Problem description | Find "Som det ses", then copy its line and every later line of the entries exactly through the end, leaving all pictures out.

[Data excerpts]
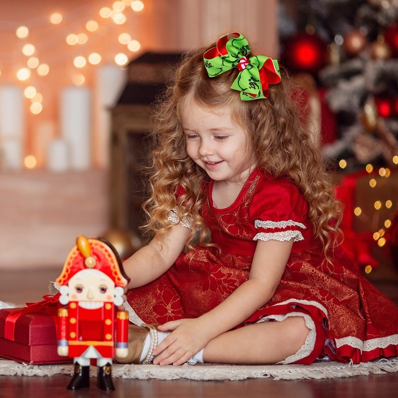 - One Size Fit All- Cute cartoon green hair bows at nice size: 4.33 inch, one size fits most teens and toddlers,baby girls, women,age among 6m-9t little princess,2t, 3t, 4t, 5t, 6t to 10 years old and over ages kids,adult; enjoy your happy Christmas with our novelty costume accessories.
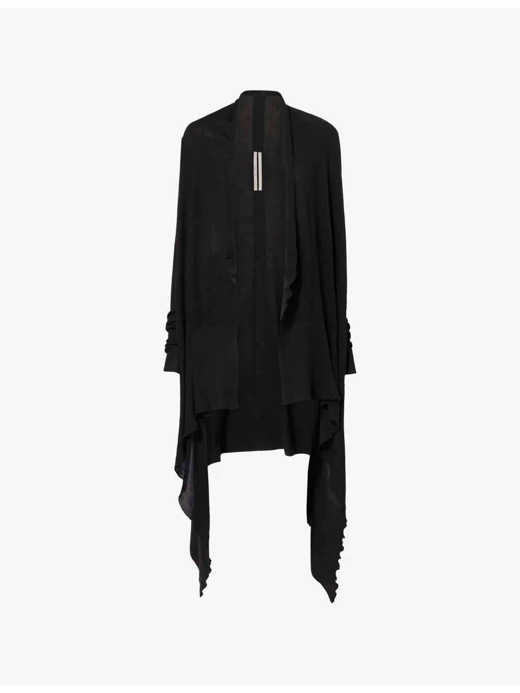 PRODUCT DETAILS - Rick Owens wool cardigan - 100% wool - Open front, long sleeves, draped panels at front, ribbed trims - Hand wash - Made in Italy - True to size - Model is 5ft 10in/1.78m and wears a size small - Lightweight, slight stretch Ref: R04583854
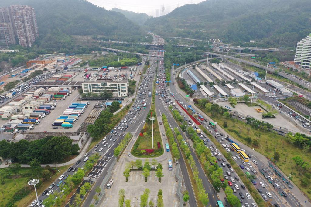 8時(shí)18分,深晚記者在民樂地鐵站附近的人行天橋上看到,此時(shí)梅林關(guān)雙方向車流量非常大,車輛一直處于走走停停的狀態(tài)。
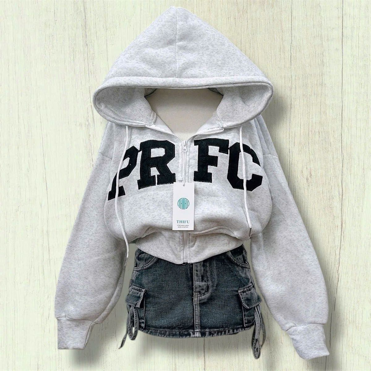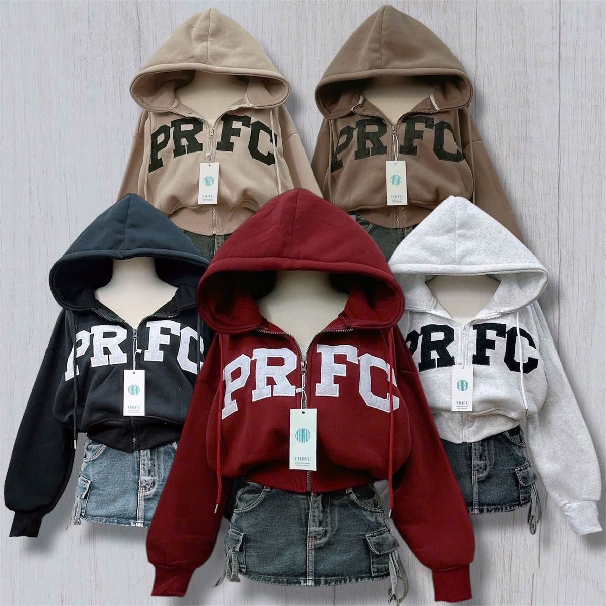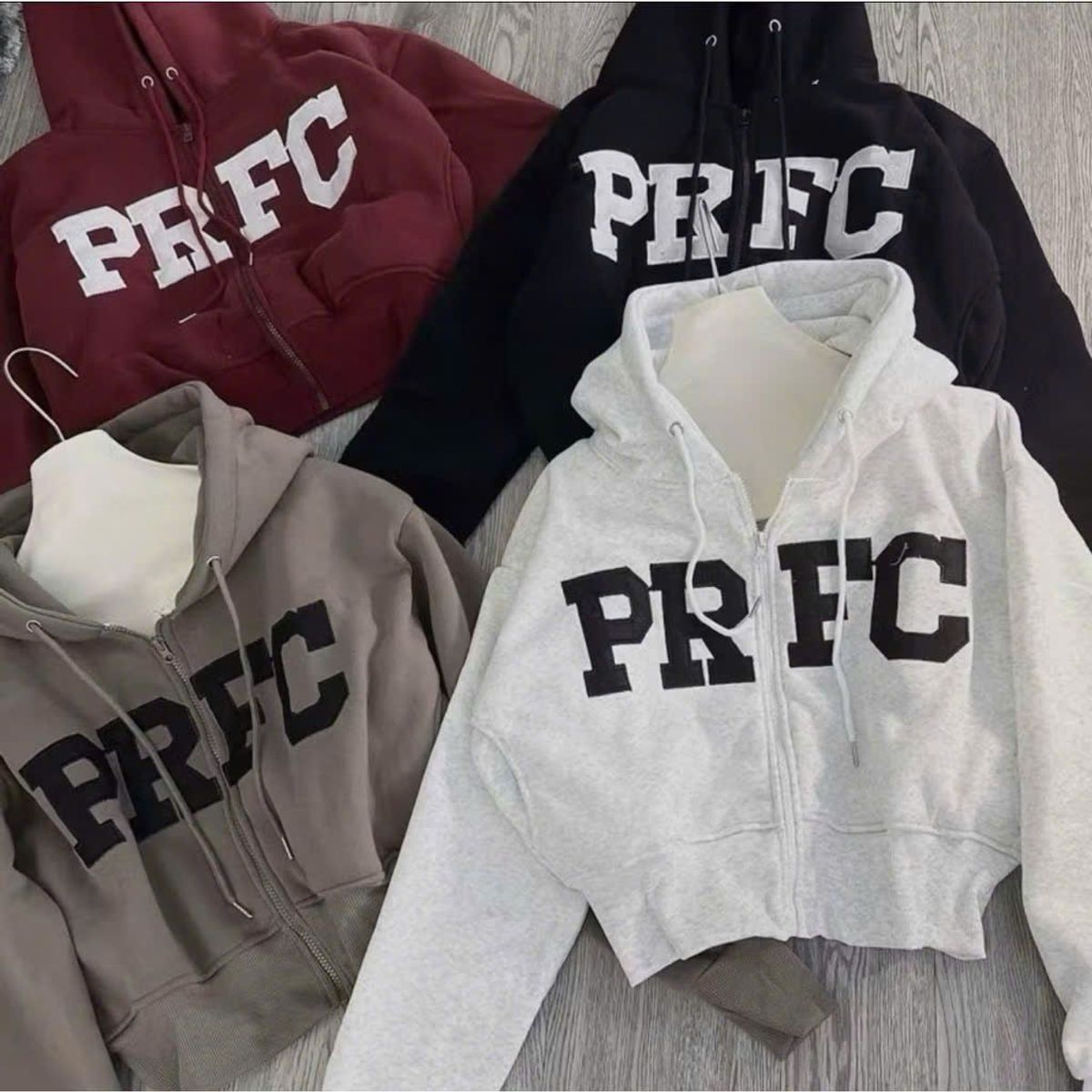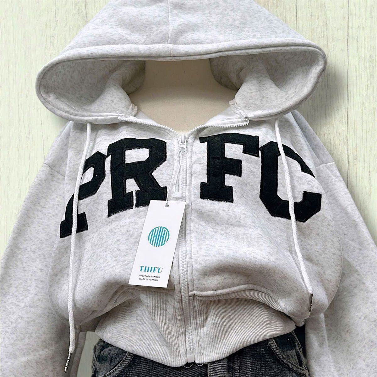 Áo khoác nữ lửng PRFC vải nỉ dày mịn nón rộng
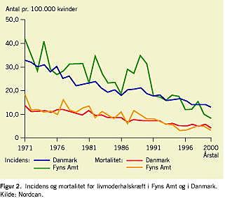 Som det ses af Figur 1 og Figur 2 har indførelsen af organiseret screening i Fyns Amt haft stor effekt på såvel incidensen som mortalitet af livmoderhalskræft.
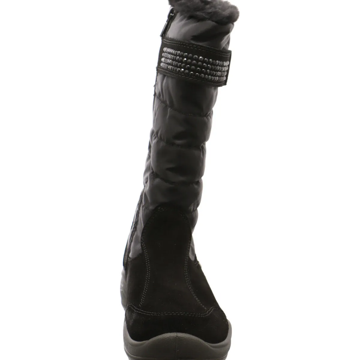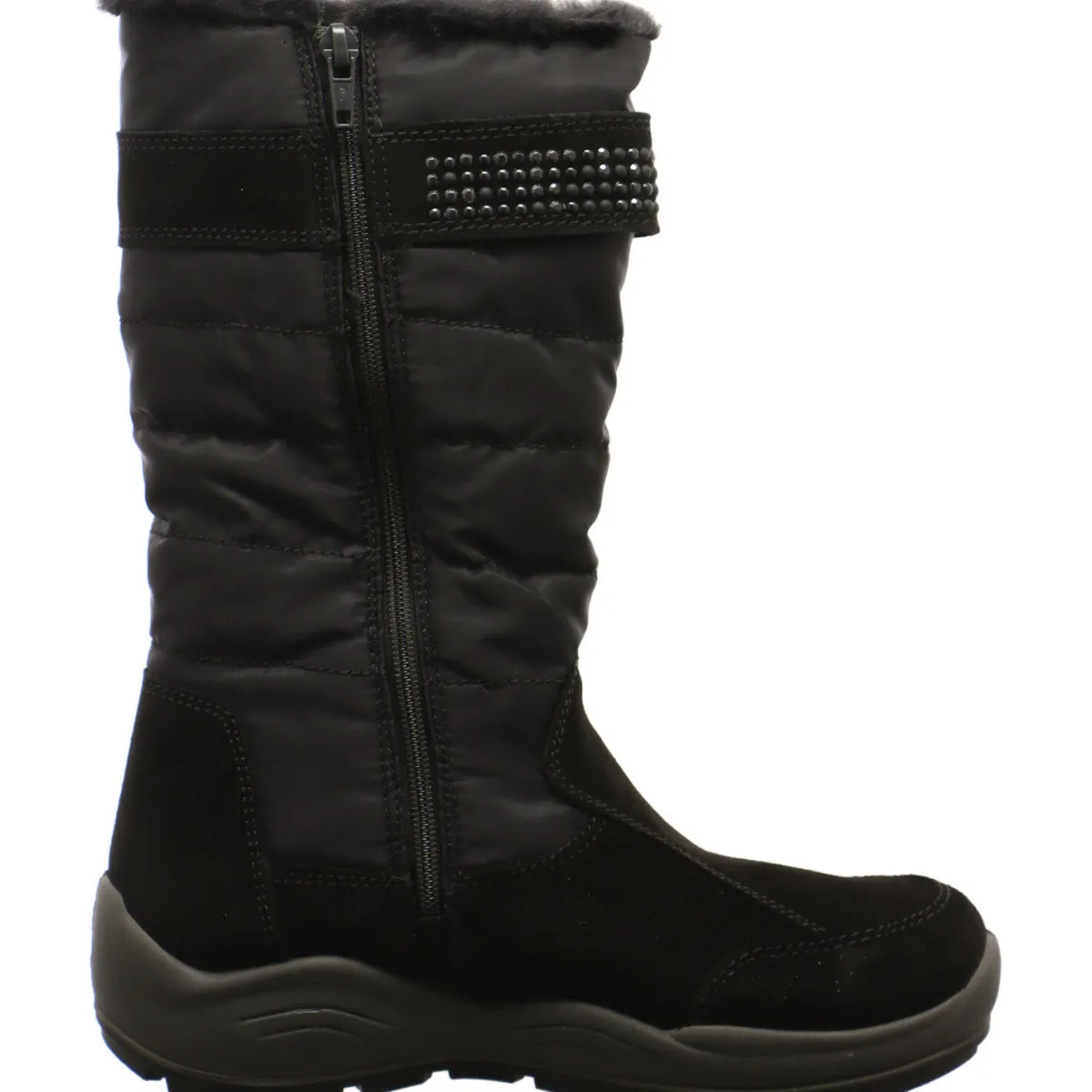 Er wurde aus weichem und hochwertigem Veloursleder in Schwarz gefertigt und mit textilen Parts am Schaft versehen. Der mit glitzernden Steinen versehende Riemen am Schaft, lässt sich in der Weite etwas verstellen.
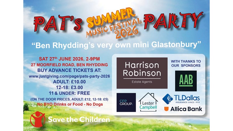 Pat’s Party has raised £187,000 mainly for Save the Children and predominantly through our annual summer musical festival held in a committee member’s garden in Ben Rhydding. Pat's Party also supports the local scout group and a donation of £5,000 was given to build and support a school in The Gambia. In 2023, 2024 and 2025 we also donated £15,000 to the foodbanks in Bradford and Keighley.
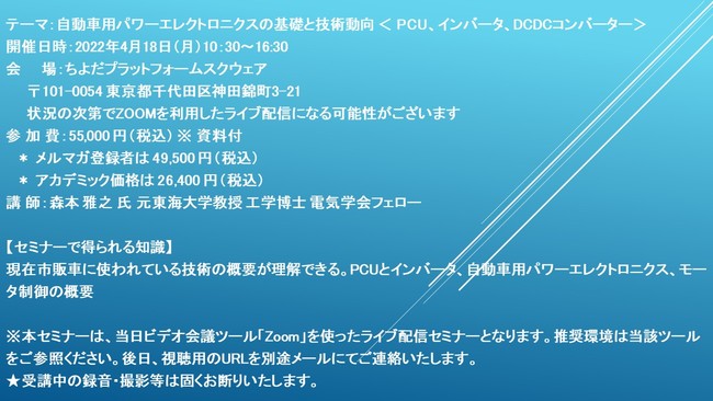 先端技術情報や市場情報を提供している(株)シーエムシー・リサーチ(千代田区神田錦町: https://cmcre.com/ )では、 各種材料・化学品などの市場動向・技術動向のセミナーや書籍発行を行っておりますが、 このたび「自動車用パワーエレクトロニクスの基礎と技術動向 < PCU、インバータ、DCDCコンバーター>」と題するセミナーを、 講師に森本 雅之 氏 元東海大学教授 工学博士 電気学会フェロー)をお迎えし、2022年4月18日(月)10:30より、 ちよだプラットフォームスクエア(東京都千代田区)にて開催いたします。 (状況の次第でZOOMを利用したライブ配信になる可能性がございます)。 受講料は、 一般:55,000 円(税込)、 弊社メルマガ会員:49,500 円(税込)、 アカデミック価格は26,400 円(税込)となっております(資料付)。

Reply |
 Som det ses af Figur 1 og Figur 2 har indførelsen af organiseret screening i Fyns Amt haft stor effekt på såvel incidensen som mortalitet af livmoderhalskræft.
 Er wurde aus weichem und hochwertigem Veloursleder in Schwarz gefertigt und mit textilen Parts am Schaft versehen. Der mit glitzernden Steinen versehende Riemen am Schaft, lässt sich in der Weite etwas verstellen.
 Pat’s Party has raised £187,000 mainly for Save the Children and predominantly through our annual summer musical festival held in a committee member’s garden in Ben Rhydding. Pat's Party also supports the local scout group and a donation of £5,000 was given to build and support a school in The Gambia. In 2023, 2024 and 2025 we also donated £15,000 to the foodbanks in Bradford and Keighley.
 先端技術情報や市場情報を提供している(株)シーエムシー・リサーチ(千代田区神田錦町: https://cmcre.com/ )では、 各種材料・化学品などの市場動向・技術動向のセミナーや書籍発行を行っておりますが、 このたび「自動車用パワーエレクトロニクスの基礎と技術動向 < PCU、インバータ、DCDCコンバーター>」と題するセミナーを、 講師に森本 雅之 氏 元東海大学教授 工学博士 電気学会フェロー)をお迎えし、2022年4月18日(月)10:30より、 ちよだプラットフォームスクエア(東京都千代田区)にて開催いたします。 (状況の次第でZOOMを利用したライブ配信になる可能性がございます)。 受講料は、 一般:55,000 円(税込)、 弊社メルマガ会員:49,500 円(税込)、 アカデミック価格は26,400 円(税込)となっております(資料付)。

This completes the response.